This case is decided pursuant to Chapter 410 of the Texas Workers’ Compensation Act and Rules of the Division of Workers’ Compensation adopted thereunder.


A contested case hearing was held on June 22, 2011 to decide the following disputed issue:

Is the preponderance of the evidence contrary to the decision of the Independent Review Organization (IRO) that Claimant is not entitled to one Synvisc injection to the right knee for the compensable injury of (Date of Injury)?


Petitioner/Provider appeared by telephone. Respondent/Carrier appeared and was represented by MS, attorney. The Claimant did not appear and her appearance was excused.


The Claimant sustained a compensable injury to her right knee on (Date of Injury) while working for (Employer). Later, after a graft from her left knee during a surgical procedure for her right knee, her left knee became problematic and has been treated as a part of the compensable injury. The Claimant, who is 46 years old, has undergone four knee surgeries, two on the right and two on the left, according to the testimony of Dr. M, who is a board certified orthopedic surgeon and is the requestor of the injection at issue herein. She initially saw Dr. M on September 23, 2010 for persistent bilateral knee pain, right much greater than left. Dr. M noted on September 23, 2010 that the Claimant would eventually need a total knee arthroplasty (TKA) surgery on the right. On October 28, 2010, Dr. M performed the most recent surgery upon the Claimant’s right knee, which involved an arthroscopy, medial meniscectomy, removal of loose bodies, and synovectomy. After the October 28, 2010 surgery, the Claimant’s right knee symptoms were greatly improved, and she reported to Dr. M on December 8, 2010 that she had no right knee pain. Dr. M also noted on that date that she had full range of motion (ROM) of both knees, but that her left knee pain was persistent. On January 18, 2011, Dr. M noted that the Claimant was having discomfort in the anterior part of her right knee, and he diagnosed her right knee condition as symptomatic patellofemoral arthrosis. He recommended a Synvisc #1 injection to the Claimant’s right knee. The Claimant previously had five Synvisc injections to her right knee performed by Dr.

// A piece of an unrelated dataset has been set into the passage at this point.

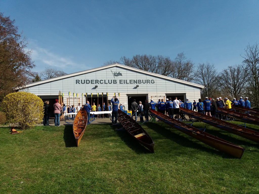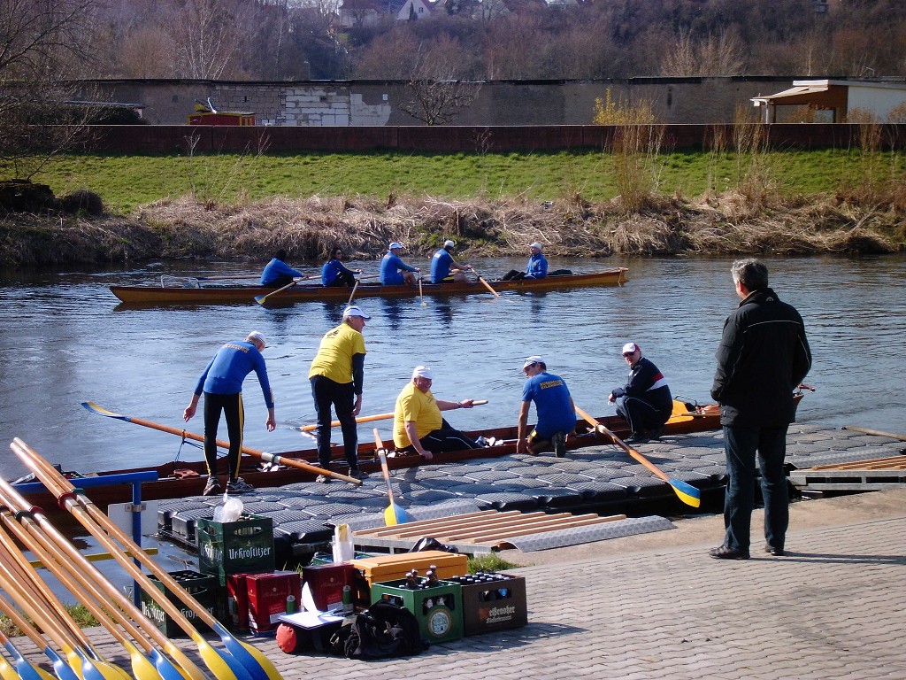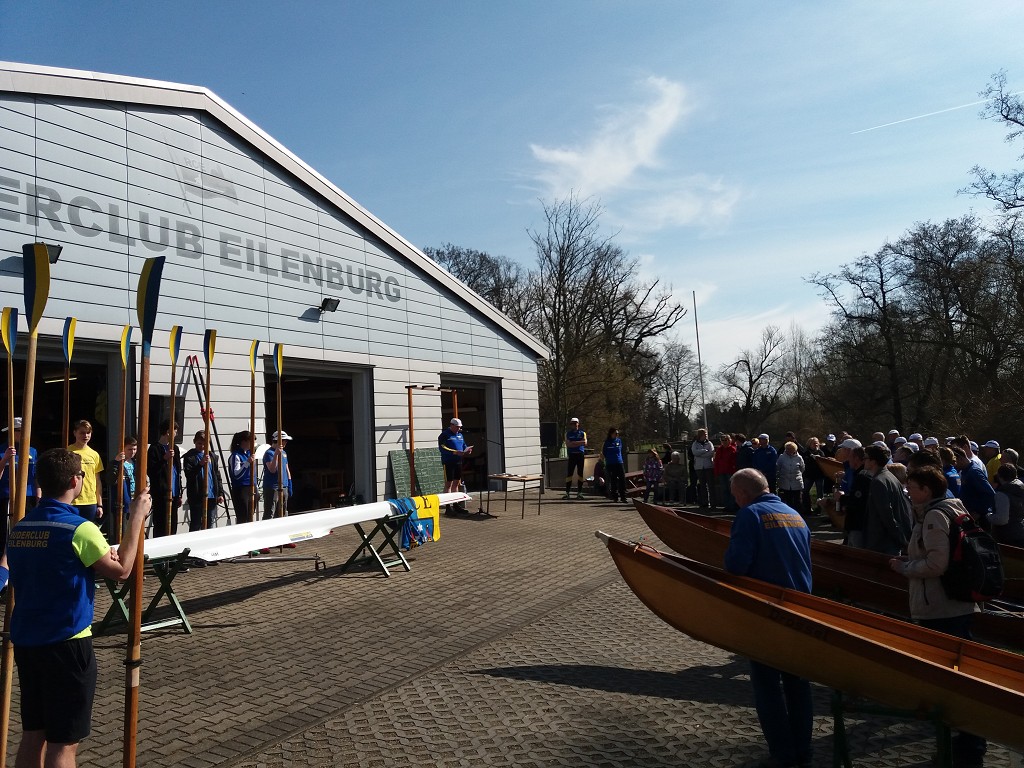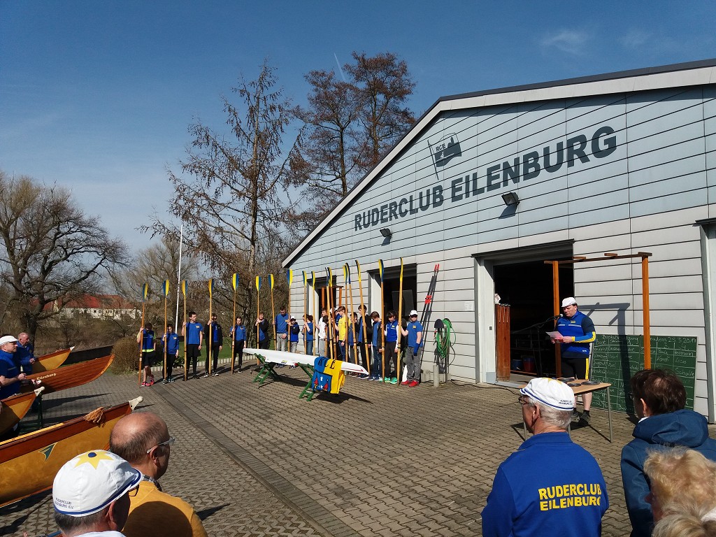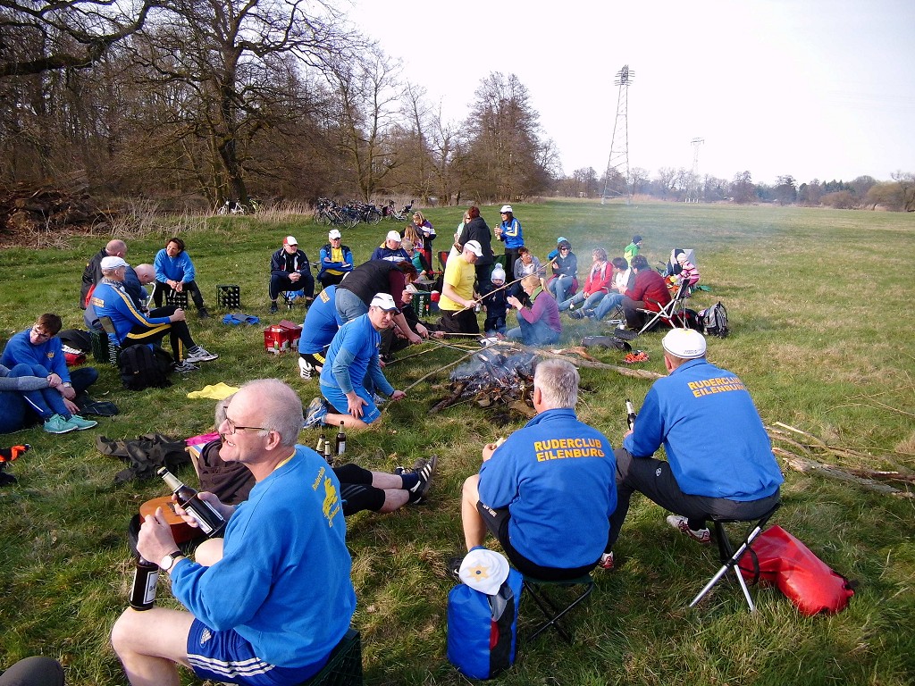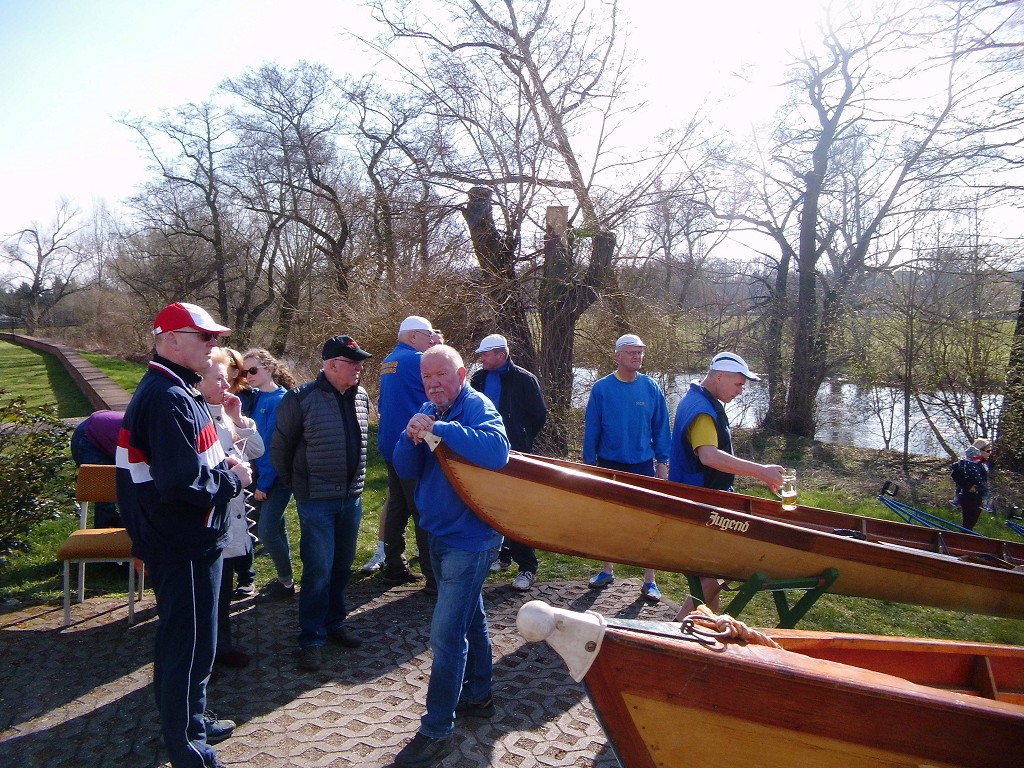 Ein vorbildlicher Frühlingstag führte zahlreiche Mitglieder und Gäste heraus aus dem "Winterflaus" und hinein in die neue Wassersaison. Nach hochoffiziellen Hinweisen zur Sicherheit und diversen Siegerehrungen konnte der Vorsitzende Felix Weiske den ersten Höhepunkt des Tages ankündigen: Eine der leider viel zu seltenen Taufen eines niegelnagelneuen Bootes. Taufpatin Leonie Korn durfte dem Renneiner namens "Condor" "immer eine Handbreit Wasser unterm Kiel" wünschen und die ersten Schläge auf dem Mühlgraben vollziehen. Dank der guten Vorbereitung waren die Bootsbesatzungen bald am Start und flußaufwärts unterwegs. Nach Kaffee und Kuchen am Bootshaus spazierten viele zum altbekannten Rastplatz auf der Mühlgrabenwiese und fanden sich dort mit den Rudernden vereint wieder. An der Feuerstelle verging die Zeit bei Speis, Trank, Schwatz und Liedgut wie im Fluge. Mit Einbruch der Dämmerung wurde zum Aufbruch in Richtung Heimathafen geblasen. Schließlich mußte ein schöner Tag in ein gemütliches Finale überführt werden. Vielen lieben Dank an alle Mitwirkenden!

Ernest Roman between September 6, 2007 and October 4, 2007.

The request for the Synvisc injection at issue herein was denied by two Carrier utilization review agents (URAs), and the denials were upheld by an IRO. The IRO physician reviewer, who is also board certified in orthopedic surgery, reasoned that the Claimant does not meet the criteria in the Official Disability Guidelines (ODG) to have the requested injection since there was no evidence of significant improvement following the initial series of injections provided.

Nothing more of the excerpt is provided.